CHANGING THE FACE OF THE HOLIDAYS
We all like to portray that we’re having a great experience during the holidays, sharing pictures on social media with everyone filled with joy. But what if for some of us, that is not the reality at this time of year?
One thing that may be difficult to do, but can be very empowering, is to be a little more vulnerable in our social media circles. If you feel it is appropriate, you might put out a call to your friends and say, “Hey, I am having a bit of a hard time—could you guys reach out to me this season and show me a little love?” I have long shared that advice with people around the holidays and it is more relevant this year than ever before.
This may seem like a scary thing to do, and each person has to examine their own social media group to evaluate whether that is appropriate, but it does create an opportunity for other people to recognize that, “Wow, I’m not alone in having a hard time; my friend is having difficulties, too, and maybe we should connect for coffee.” Well, the “coffee” thing is a little more challenging in these times, but you might connect one-on-one through Zoom, or on a masked, socially distanced hike, just to talk about the challenges you’re facing and build that deeper level of two-way support.

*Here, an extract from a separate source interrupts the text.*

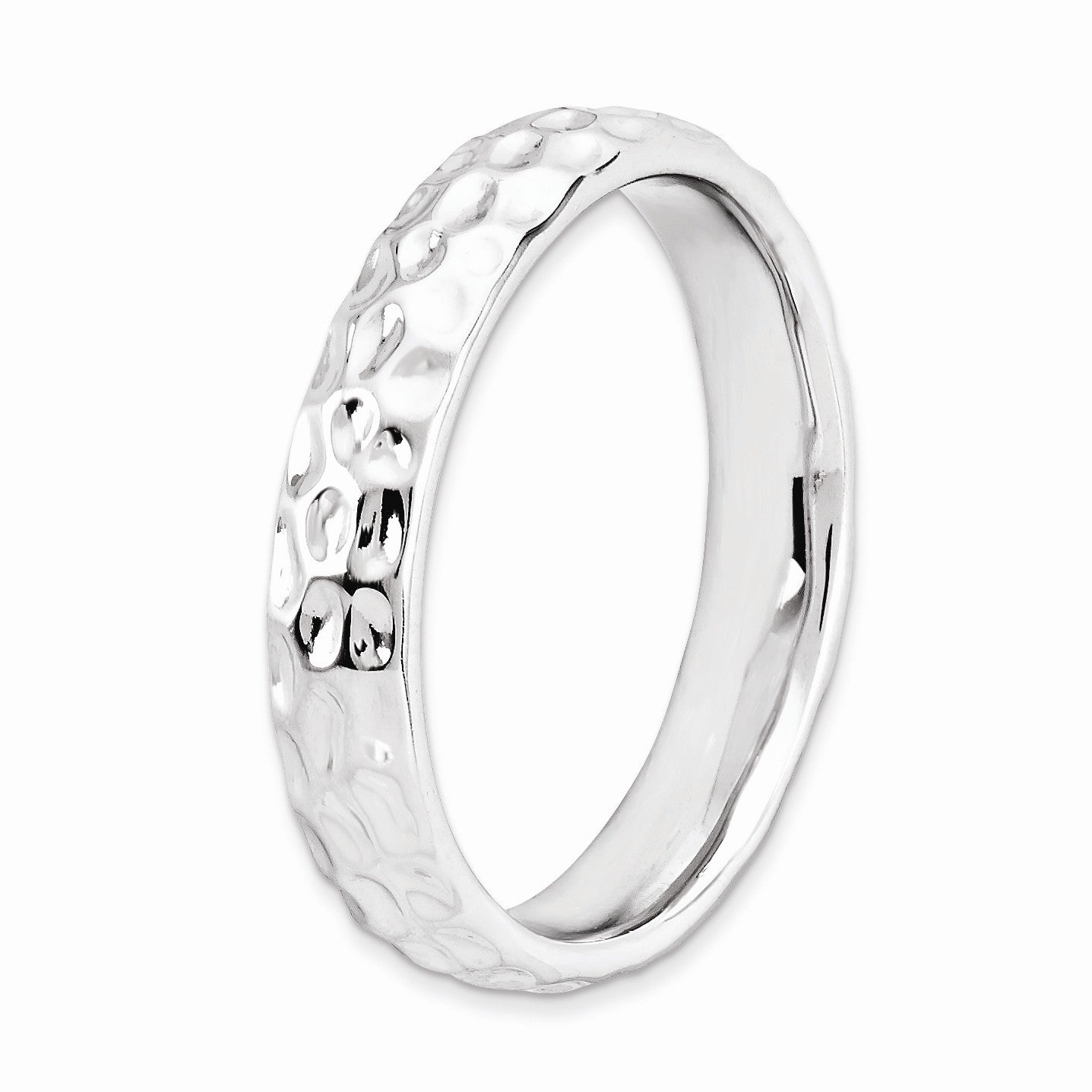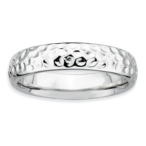 Make it simple and stylish with bands of different textures, finishes, widths and colors! This rhodium plated sterling silver band features a hammered design with a high polished finish that measures 4. Mm wide. Guaranteed to fit together perfectly with all of the mix and match Stackable Expressions rings. This item is backordered. Please allow 7-10 business days for delivery

One of the hardest things to do is confide in people that you’re having a hard time. As Brené Brown consistently highlights, my example above with social media is a big way to do that, but it can also be done in smaller ways; just picking up the phone and reaching out to a friend is a big step.
With my patients I have always expressed the importance of scheduling phone dates throughout the holidays. Again, with everything we’re going through now, this may be even more crucial—not just for you, but perhaps for someone you know who is not willing to take that first scary step of creating a holiday connection. When you schedule these virtual dates, you know that wherever you are on Thursday at 5:30 p.m., you’re going to pick up the phone and either call or FaceTime/WhatsApp or Zoom that person. Just knowing that is on the schedule, and that you and the other person are committed to it, can alleviate the pressure of going through your difficulties alone and deepen your connectedness.